(Stored dataset items)
== Segment start ==

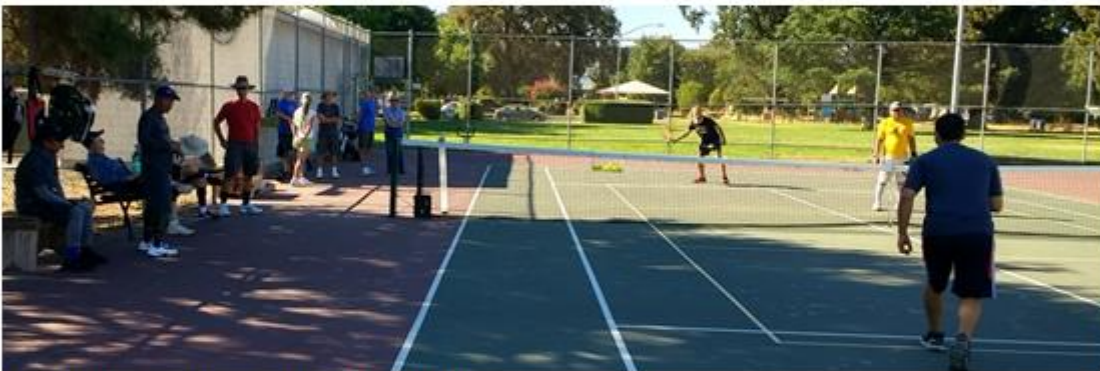
Lots of players have to wait on the sidelines.
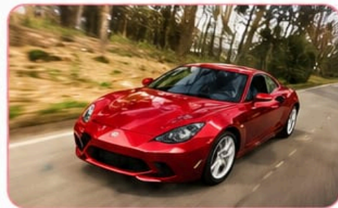
( iv ) A Car

Which one uses AI to clean room by itself?
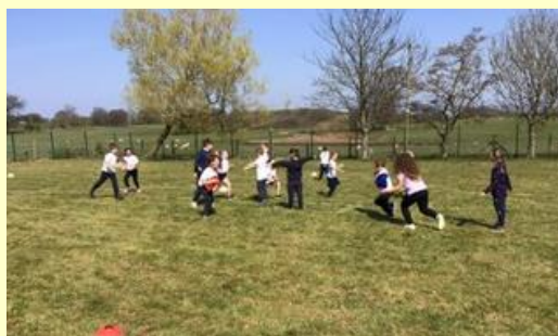
And enjoying getting outside with Wrexham FC in the community, whilst developing their numeracy and literacy skills.
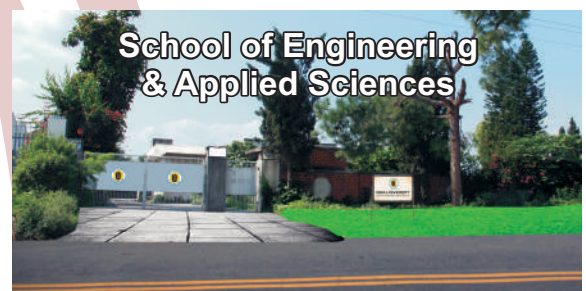
School of Engineering & Applied Sciences
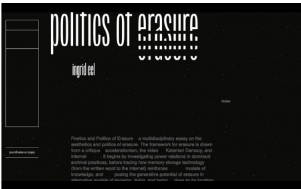
Poetics and Politics of Erasure, 2017 Digital publication
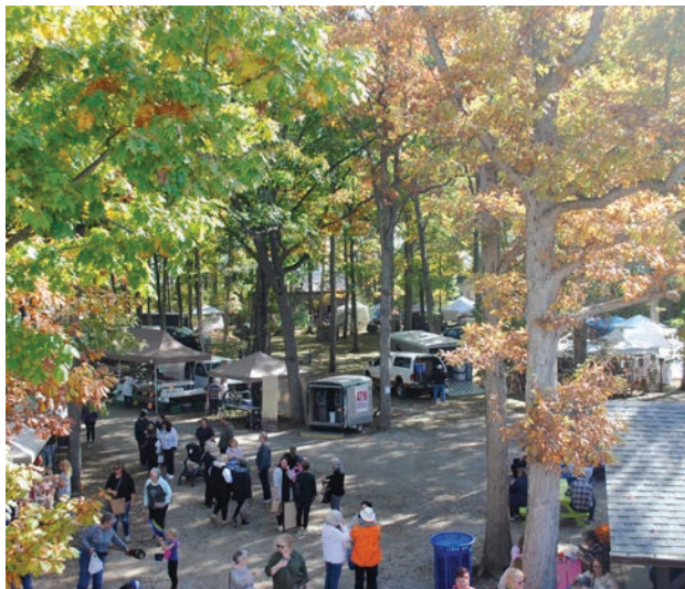
Visitors shop beneath the fall canopy of oak trees at Lambton Heritage Museum's Fall Colour & Craft Festival.
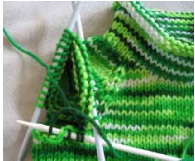
This photo shows the underarm stitches being picked up to begin knitting the sleeve.

== Segment end ==

■ TASK
Start at the top of the entries and repeat each line exactly, ending at the line that contains "School of Engineering & Applied Sciences". Pictures are not part of the copy.

■ RESPONSE
Lots of players have to wait on the sidelines.
( iv ) A Car

Which one uses AI to clean room by itself?
And enjoying getting outside with Wrexham FC in the community, whilst developing their numeracy and literacy skills.
School of Engineering & Applied Sciences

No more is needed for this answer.